Question Generation (QG)#

The task of QG can be summarized as given a table, passage or a combination of both, generate <question, answer> pairs such that the answer for that question can be deduced from the table/passage.
The primary script for QG is run_qg.py. This runs a transformer-based sequence generation pipeline as shown below (for TableQG):

Pipeline#

The above image shows the pipeline for generating questions from a table. PasageQG follows a similar pipleine, except SQL generator sql_sampler.py over a table is replaced by Answer Sampler answer_sampler.py over a passage which tries to sample answer token(s) from the given passage and then generate questions having those answer(s).

Before continuing below make sure you have PrimeQA installed.

Supported datasets#

Currently supported datasets for training include:

  • WikiSQL (QG for TableQA)

  • SQuAD, SQuAD_v2 (QG for PassageQA i.e. MRC)

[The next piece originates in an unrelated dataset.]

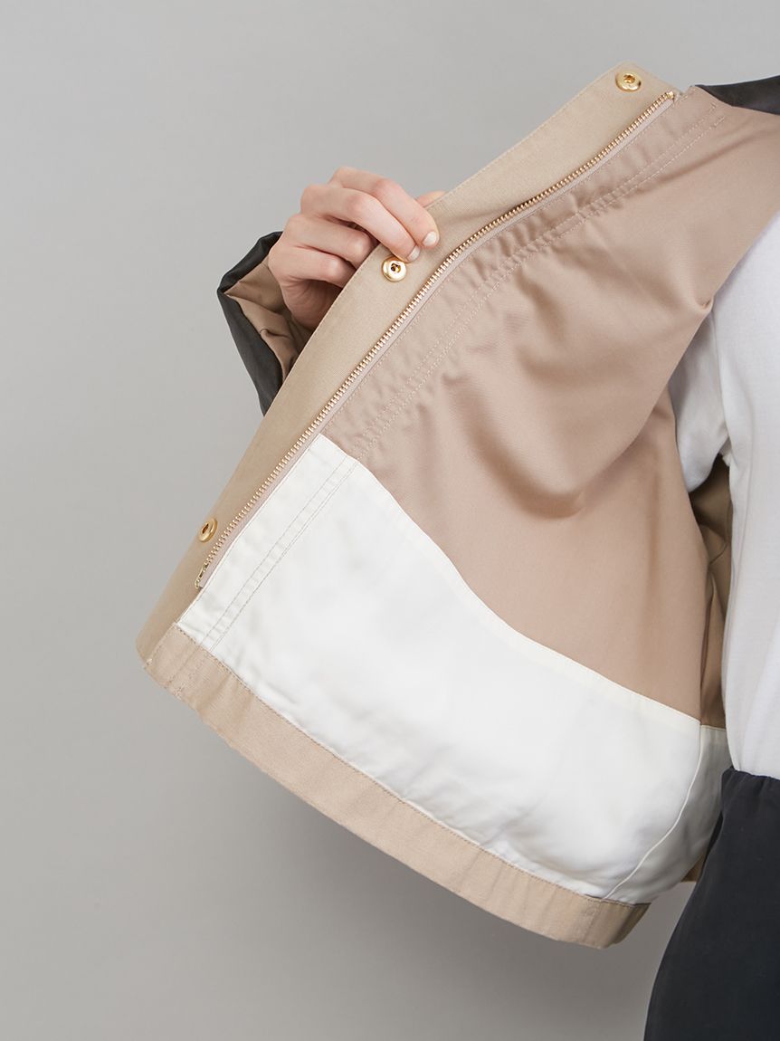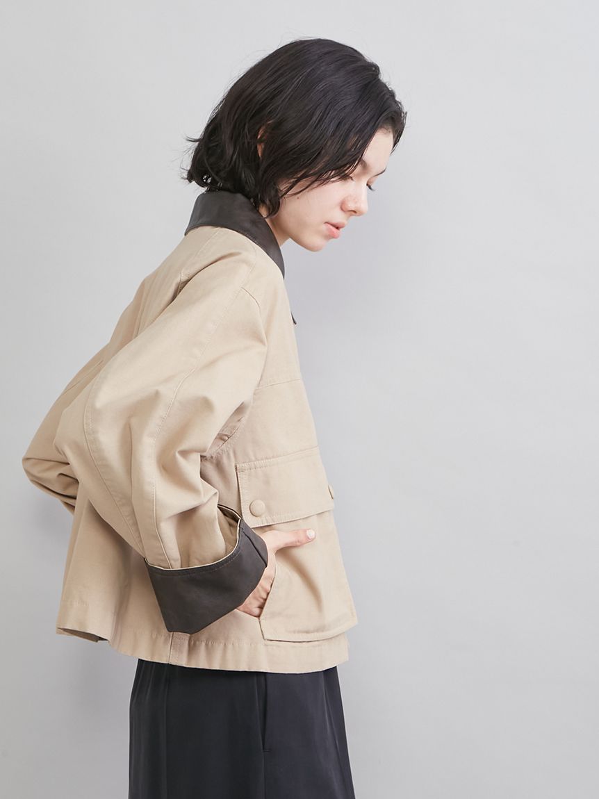 | 素材 | : | 表布:棉100% / 領子:塗層(聚酯樹脂)基布:嫘縈100% / 領子裡側:棉100% / 裡布:上衣和袖子內層: 棉64%,聚酯纖維36% / 下擺:聚酯纖維100% 。 |

  • TydiQA (Multilingual QG)

  • Custom Data in a file in Squad/TydiQA format.

  • Hybrid QA

Example Usage#

An example for training the model on WikiSQL dataset:

python primeqa/qg/run_qg.py \
    --model_name_or_path t5-base \
    --modality table \
    --dataset_name wikisql \
    --do_train \
    --max_len 200 \
    --target_max_len 40 \
    --output_dir  models/qg/$DIR_NAME \
    --learning_rate 0.0001 \
    --num_train_epochs 4\
    --per_device_train_batch_size 32

Where the model_name_or_path can be any generator from huggingface (‘t5’, ‘mt5’, ‘bart’)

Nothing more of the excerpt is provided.